MATERIAL

Machine Translation for English Retrieval of Information in Any Language

Intelligence Value

The MATERIAL program aims to revolutionize the way the IC consumes foreign language information, by turning multilingual text and speech media into useable intelligence information for analysts, regardless of their language expertise.

Summary

A large portion of the ever-increasing amounts of text, audio, and video data produced in today’s world is being generated by populations of emerging importance in lower-resource languages. This rich source of data is of little value if the information cannot be effectively searched. Launched in October 2017, The MATERIAL program is a 47-month venture seeking to address this challenge by building robust, automated language capabilities with limited linguistic resources, expertise, and tools.

MATERIAL’s ultimate goal is to build a Cross-Language Information Retrieval (CLIR) systems that find speech and text content in diverse lower-resource languages, using English search queries. This system will allow analysts to submit queries in English and receive short English summaries of relevant foreign language items that saliently display relevance to their information needs.

  • Success is measured by a novel end-to-end retrieval metric that will assess the system’s ability to retrieve all relevant documents, while producing few false alarms.

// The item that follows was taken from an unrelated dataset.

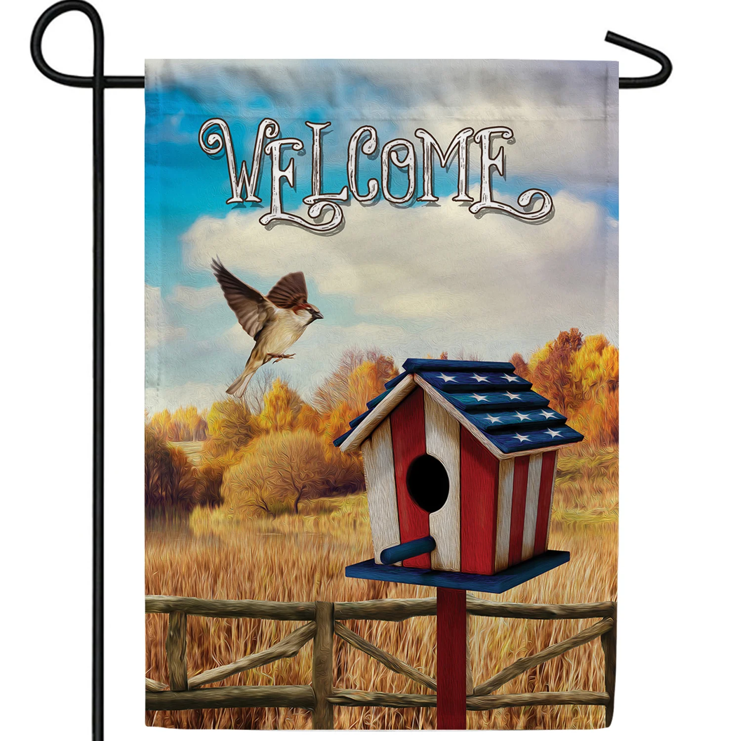 Showcases a patriotic birdhouse and a bird on a beautiful Autumn back ground. Caption says, "Welcome".
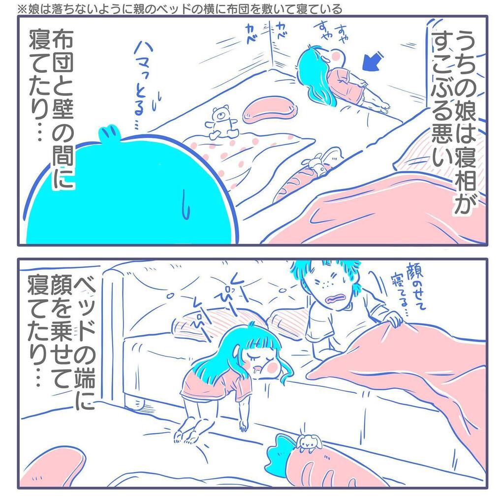 『娘の寝相』 裸で寝るの気持ちいいのは分かるけど…ほぼ毎日オネショシーツ洗っとる😓 #子育て漫画 #育児漫画 #育児エッセイ漫画 #オネショ #寝相悪すぎ #オネショシーツとシーツを毎日洗濯は辛い #オネショシーツ活躍中 #3歳娘 instagr.am/p/CjEizXIPL1B/

The MATERIAL program will provide:
  • State-of-the-art Automatic Speech Recognition (ASR) and Machine Translation (MT) systems and models for Tagalog, Swahili, Somali, Lithuanian, Bulgarian, Pashto, Farsi, Kazakh, and Georgian
  • Highly competitive models optimized for informal and formal speech and text • Novel end-to-end CLIR systems available with dockerized, exchangeable component technologies
  • Innovative ways of utilizing large amounts of diverse multilingual unstructured text and speech data to improve model performance
  • Text processing tools to address morphology and divergent spelling
  • Text, audio, and video data crawlers operationalized for U.S. government use
  • Annotated, reusable datasets in multiple languages for CLIR, ASR, and MT research

Publicly Available Program Artifacts

For an 11x17 PDF of the listings of publicly available resources released by MATERIAL Performers, click on the image below.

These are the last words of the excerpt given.